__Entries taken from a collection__
=== Section Start ===

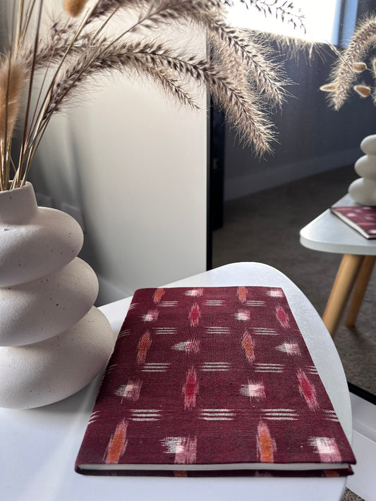 Merry red Ikat print fabric cover handmade paper notebook (9*7 in)
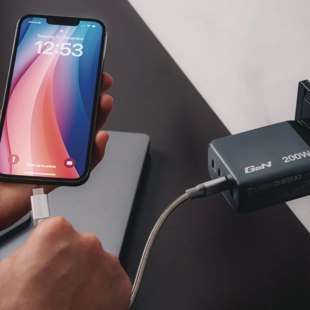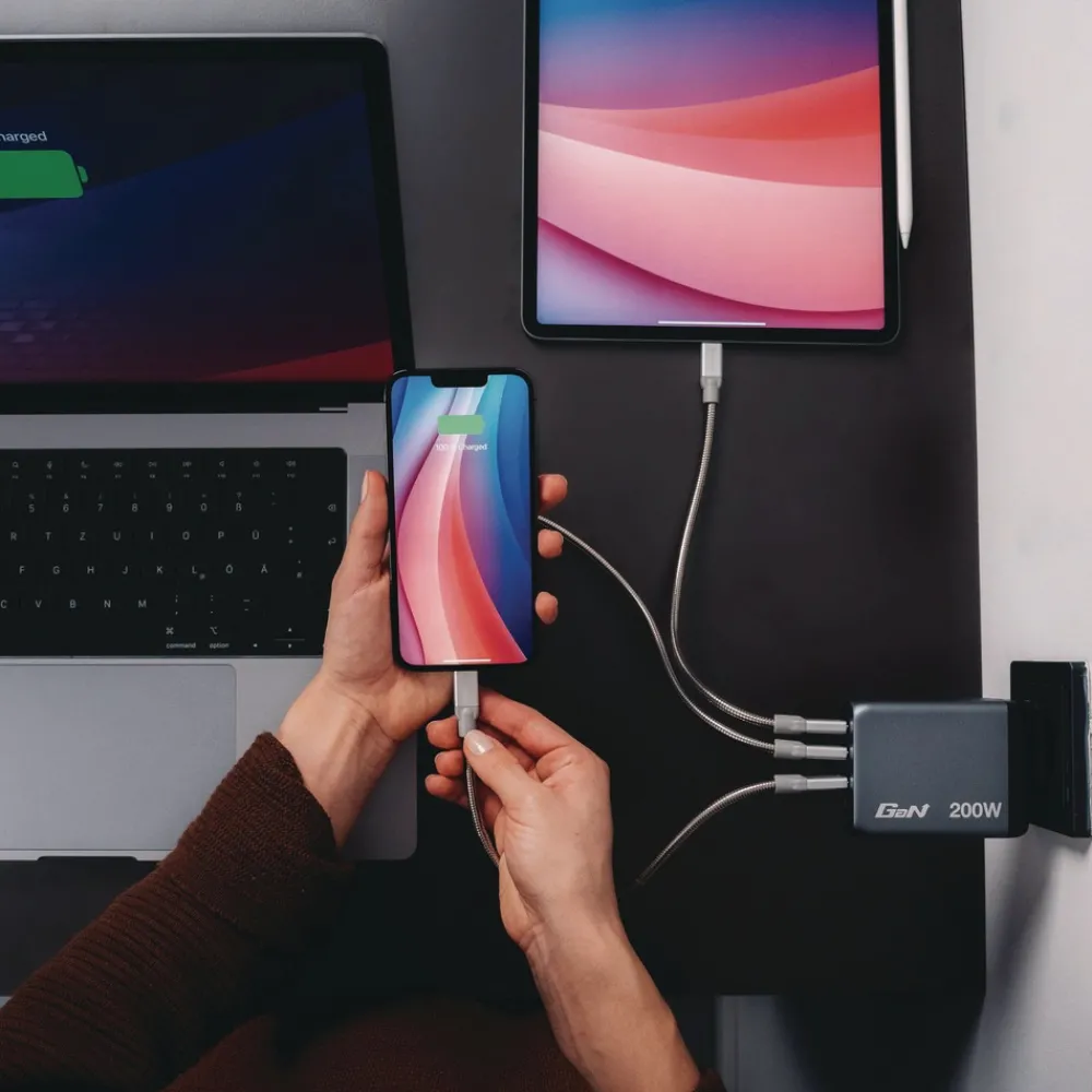 Supports charging of up to four devices simultaneously with a maximum total output of 200 W.
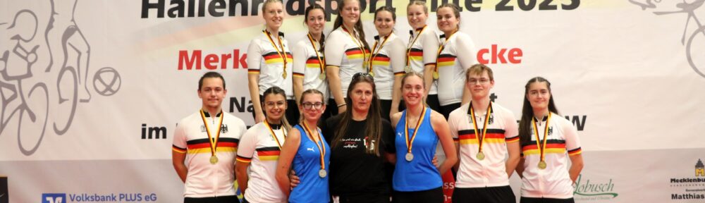 Den ersten deutschen Meistertitel des Jahres 2025 in der Eliteklasse bei der Hallenrad-DM ging an den RV Mainz-Ebersheim. Sie holten sich den Meistertitel souverän mit 214,59 Punkten. Damit holten sie sich den DM-Titel, den sie bereits 2023 errangen, wieder zurück nach Ebersheim . Das junge 6er Team des RMSV Aach mit Yannick Gaißer, Jone Burow, Lena Andorinha, Rebecca Grote, Anica Meßmer und Hannah Elsässer fuhr in ihrem ersten Elitejahr mit einer perfekten Kür zu 195,55 und damit auf Platz 2 vor, während die Titelverteidigerinnen vom RMSV Aach Alina Bötzer, Carolin Schmid, Franziska Bötzer, Natalie Grote, Sarah Bötzer und Sabrina Bötzer nach einem Patzer sich neuformieren mussten, dadurch viel Zeit verloren und so am Ende mit 158,02 und mit Platz 3 zufrieden sein mussten. „So ein Patzer kannst Du in unserer Sportart, im Gegensatz zu anderen Sportarten nicht mehr aufholen“, so Aachs Cheftrainerin Katja Gaißer. „Um zu gewinnen, musst du innerhalb der 5 Minuten alles perfekt zeigen.“
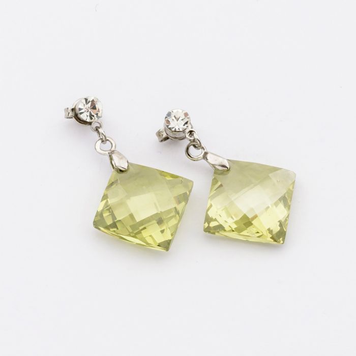 Σκουλαρίκια μεταλλικά με ζιργκόν σε σχήμα ρόμβο
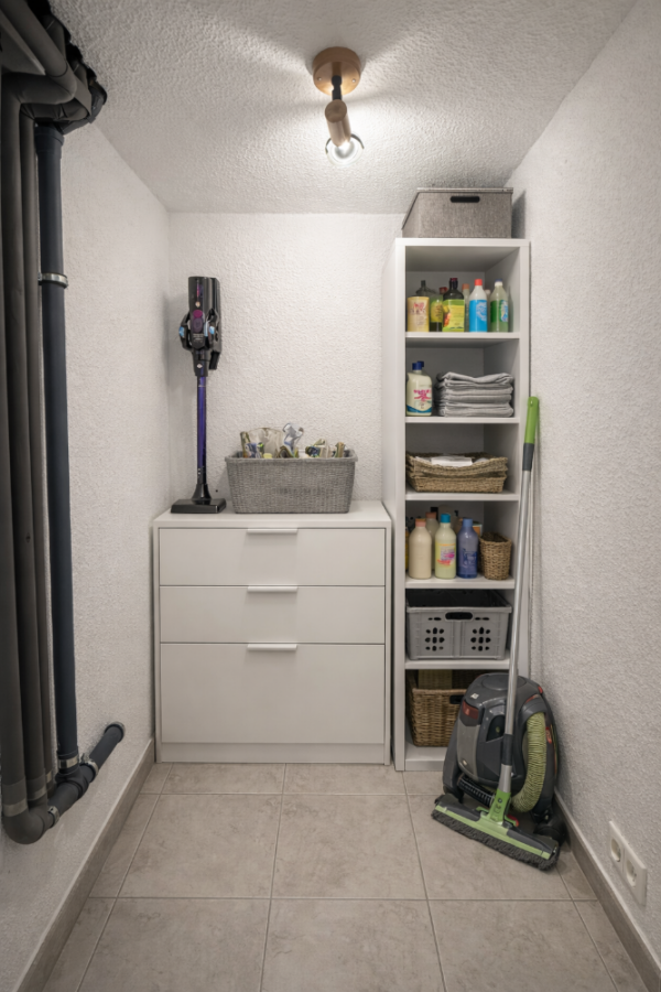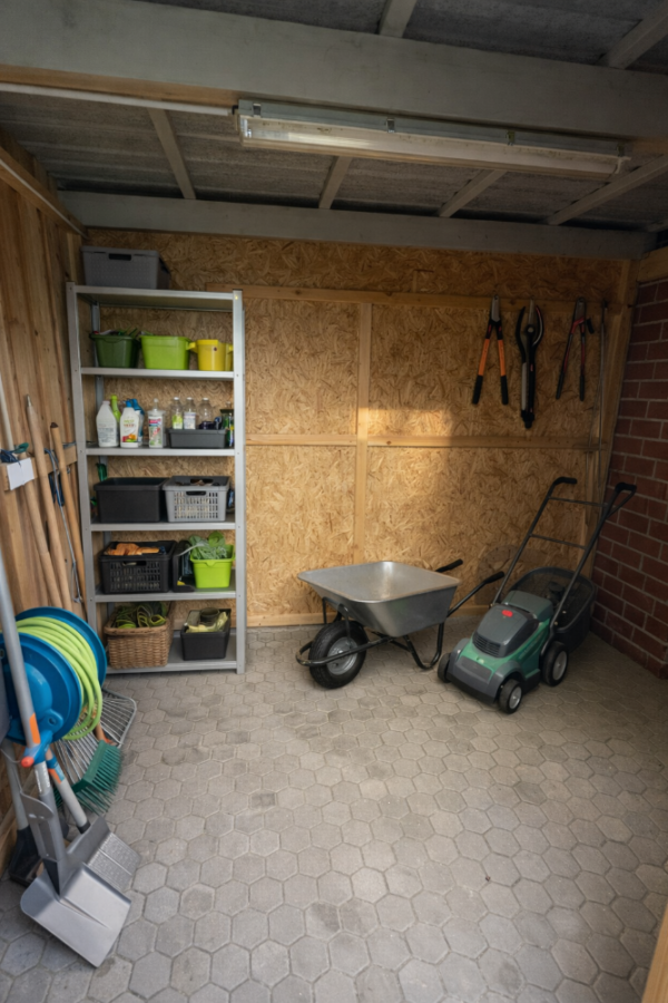 Zusätzlich steht innerhalb der Wohnung ein praktischer Abstellraum zur Verfügung. Darüber hinaus bietet ein kleiner Spitzboden über dem Wohnzimmer weitere Staufläche. Ein weiterer, großzügiger Abstellraum im Außenbereich in Form eines separaten Holz- bzw. Geräteschuppens sorgt für zusätzlichen Stauraum.
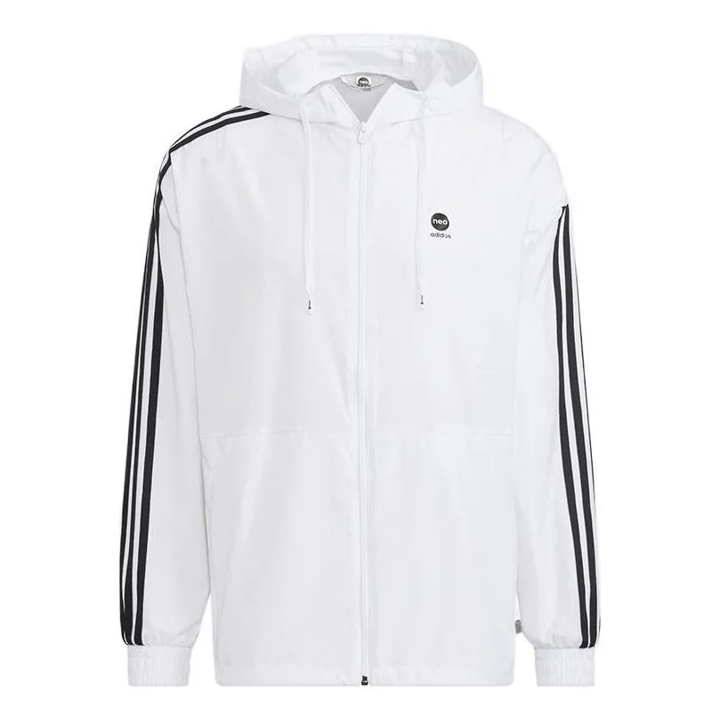 Men's adidas neo Stripe Logo Zipper Hooded Jacket White HN8788
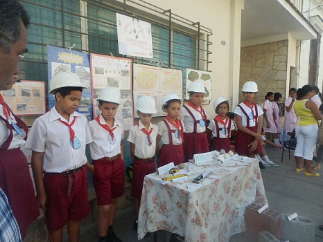 El caso es que a lo largo de una semana, desde las 8 a las 10 de la noche cada día, monitores de más de una veintena de Círculos de Interés nos mantuvimos frente a nuestras áreas expositivas, explicando las más disímiles cuestiones a quienes visitaban la exposición; un público constituido por nuestros propios familiares, amigos del barrio, vecinos o simples curiosos que pasaban, veían el lugar iluminado en la noche, el entra y sale de personas, y se sumaban a la ocasión. A tal punto llegó el rigor de los implicados que incluso hubo una demostración de técnicas de escalamiento (el empleo de arneses, cinturones de seguridad, botas de escalamiento, diversos tipos de nudo corredizo, etc.); terminadas las explicaciones, la demostración concluyó cuando el profesor que se encargaba de ese círculo de interés y dos de mis compañeros de aula “escalaron” al techo del teatro de la escuela, a unos diez metros de altura.
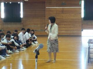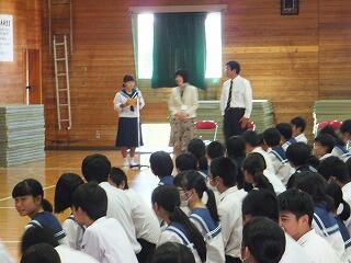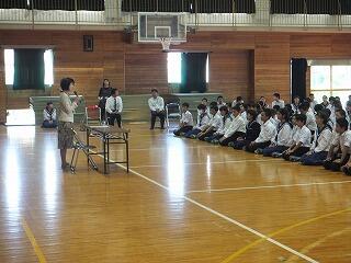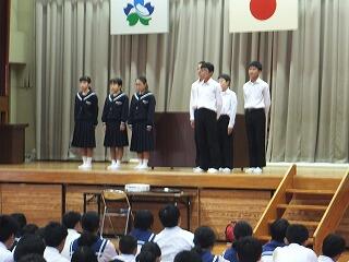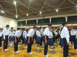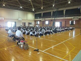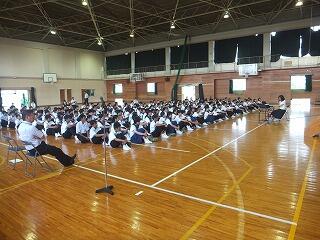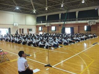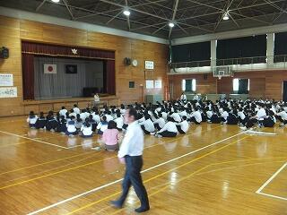 1日は、夏休みに入って最初の登校日でした。朝の会や清掃をしたあと、全校集会を行いました。まず、はじめは県中総体で3位入賞を果たした女子ソフトテニス個人ペアの表彰を行いました。そして、その2名が九州大会に出場することやオーストラリアに派遣される生徒のことなどを校長先生が紹介されました。その他にも、地区で行われる行事やボランティア活動に進んで参加し、それぞれが成長できる夏休みにしてくれることを期待していると話されました。また、生徒指導主事の先生が、あらためて夏休みの過ごし方で気をつけることを3つ話されました。1つ目は規則正しい生活を送り健康に過ごすこと。2つ目は水や交通事故に気をつけること。3つ目はSNSを介したトラブルが多くなることを踏まえ、相手の気持ちを考えるということでした。以上の話しを忘れず、残りの夏休みが有意義に過ごしてください。
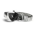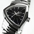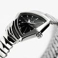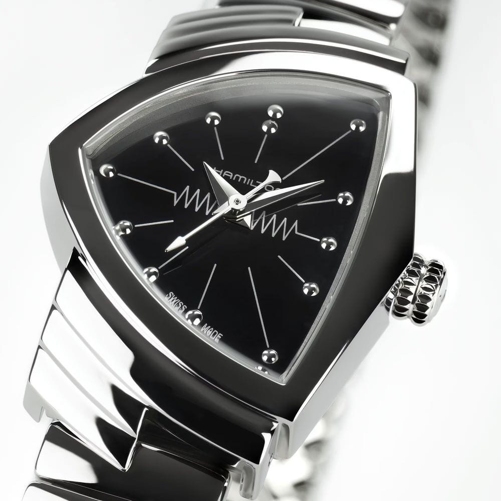 Hamilton Ventura S Quartz H24211130 — культовая модель в футуристическом дизайне, с которым история Hamilton связана уже более полувека. Корпус асимметричной формы размером 24 × 36 мм выполнен из нержавеющей стали с полированной поверхностью. Эффектный геометрический силуэт подчёркивает винтажный стиль середины XX века. Циферблат защищён минеральным стекломМинеральное стеклоМинеральное стекло представляет собой искусственно выращенный минерал кварца. Такое стекло отличается особой устойчивостью к повреждениям и царапинам. Уступает по некоторым качествам сапфировому стеклу., устойчивым к повседневным воздействиям. Чёрный циферблат оформлен лаконично, со стрелками и индексами серебристого цвета, создающими контраст и визуальную чёткость. Внутри установлен швейцарский кварцевый механизм ETA F03.105, обеспечивающий точность и надёжность. Модель комплектуется браслетом из нержавеющей стали с гибкой конструкцией и раскладной застёжкойРаскладная застёжкаТакой тип застёжки используется только на браслетах из металла. Она никогда не раскрывается полностью, происходит разделение на 2 и более частей. Раскладывающая застёжка снизит вероятность потери часов к минимуму., что обеспечивает комфортную посадку на запястье. Водонепроницаемость 50 метров делает Ventura подходящей для повседневной носки. Hamilton Ventura S Quartz — символ дерзкого дизайна и узнаваемого стиля для тех, кто ценит уникальность в деталях.

=== Section End ===

__ASSIGNMENT__
Can you repeat every record above exactly, apart from the pictures?

__EXPECTED ANSWER__
 Merry red Ikat print fabric cover handmade paper notebook (9*7 in)
 Supports charging of up to four devices simultaneously with a maximum total output of 200 W.
 Den ersten deutschen Meistertitel des Jahres 2025 in der Eliteklasse bei der Hallenrad-DM ging an den RV Mainz-Ebersheim. Sie holten sich den Meistertitel souverän mit 214,59 Punkten. Damit holten sie sich den DM-Titel, den sie bereits 2023 errangen, wieder zurück nach Ebersheim . Das junge 6er Team des RMSV Aach mit Yannick Gaißer, Jone Burow, Lena Andorinha, Rebecca Grote, Anica Meßmer und Hannah Elsässer fuhr in ihrem ersten Elitejahr mit einer perfekten Kür zu 195,55 und damit auf Platz 2 vor, während die Titelverteidigerinnen vom RMSV Aach Alina Bötzer, Carolin Schmid, Franziska Bötzer, Natalie Grote, Sarah Bötzer und Sabrina Bötzer nach einem Patzer sich neuformieren mussten, dadurch viel Zeit verloren und so am Ende mit 158,02 und mit Platz 3 zufrieden sein mussten. „So ein Patzer kannst Du in unserer Sportart, im Gegensatz zu anderen Sportarten nicht mehr aufholen“, so Aachs Cheftrainerin Katja Gaißer. „Um zu gewinnen, musst du innerhalb der 5 Minuten alles perfekt zeigen.“
 Σκουλαρίκια μεταλλικά με ζιργκόν σε σχήμα ρόμβο
 Zusätzlich steht innerhalb der Wohnung ein praktischer Abstellraum zur Verfügung. Darüber hinaus bietet ein kleiner Spitzboden über dem Wohnzimmer weitere Staufläche. Ein weiterer, großzügiger Abstellraum im Außenbereich in Form eines separaten Holz- bzw. Geräteschuppens sorgt für zusätzlichen Stauraum.
 Men's adidas neo Stripe Logo Zipper Hooded Jacket White HN8788
 El caso es que a lo largo de una semana, desde las 8 a las 10 de la noche cada día, monitores de más de una veintena de Círculos de Interés nos mantuvimos frente a nuestras áreas expositivas, explicando las más disímiles cuestiones a quienes visitaban la exposición; un público constituido por nuestros propios familiares, amigos del barrio, vecinos o simples curiosos que pasaban, veían el lugar iluminado en la noche, el entra y sale de personas, y se sumaban a la ocasión. A tal punto llegó el rigor de los implicados que incluso hubo una demostración de técnicas de escalamiento (el empleo de arneses, cinturones de seguridad, botas de escalamiento, diversos tipos de nudo corredizo, etc.); terminadas las explicaciones, la demostración concluyó cuando el profesor que se encargaba de ese círculo de interés y dos de mis compañeros de aula “escalaron” al techo del teatro de la escuela, a unos diez metros de altura.
 1日は、夏休みに入って最初の登校日でした。朝の会や清掃をしたあと、全校集会を行いました。まず、はじめは県中総体で3位入賞を果たした女子ソフトテニス個人ペアの表彰を行いました。そして、その2名が九州大会に出場することやオーストラリアに派遣される生徒のことなどを校長先生が紹介されました。その他にも、地区で行われる行事やボランティア活動に進んで参加し、それぞれが成長できる夏休みにしてくれることを期待していると話されました。また、生徒指導主事の先生が、あらためて夏休みの過ごし方で気をつけることを3つ話されました。1つ目は規則正しい生活を送り健康に過ごすこと。2つ目は水や交通事故に気をつけること。3つ目はSNSを介したトラブルが多くなることを踏まえ、相手の気持ちを考えるということでした。以上の話しを忘れず、残りの夏休みが有意義に過ごしてください。
 Hamilton Ventura S Quartz H24211130 — культовая модель в футуристическом дизайне, с которым история Hamilton связана уже более полувека. Корпус асимметричной формы размером 24 × 36 мм выполнен из нержавеющей стали с полированной поверхностью. Эффектный геометрический силуэт подчёркивает винтажный стиль середины XX века. Циферблат защищён минеральным стекломМинеральное стеклоМинеральное стекло представляет собой искусственно выращенный минерал кварца. Такое стекло отличается особой устойчивостью к повреждениям и царапинам. Уступает по некоторым качествам сапфировому стеклу., устойчивым к повседневным воздействиям. Чёрный циферблат оформлен лаконично, со стрелками и индексами серебристого цвета, создающими контраст и визуальную чёткость. Внутри установлен швейцарский кварцевый механизм ETA F03.105, обеспечивающий точность и надёжность. Модель комплектуется браслетом из нержавеющей стали с гибкой конструкцией и раскладной застёжкойРаскладная застёжкаТакой тип застёжки используется только на браслетах из металла. Она никогда не раскрывается полностью, происходит разделение на 2 и более частей. Раскладывающая застёжка снизит вероятность потери часов к минимуму., что обеспечивает комфортную посадку на запястье. Водонепроницаемость 50 метров делает Ventura подходящей для повседневной носки. Hamilton Ventura S Quartz — символ дерзкого дизайна и узнаваемого стиля для тех, кто ценит уникальность в деталях.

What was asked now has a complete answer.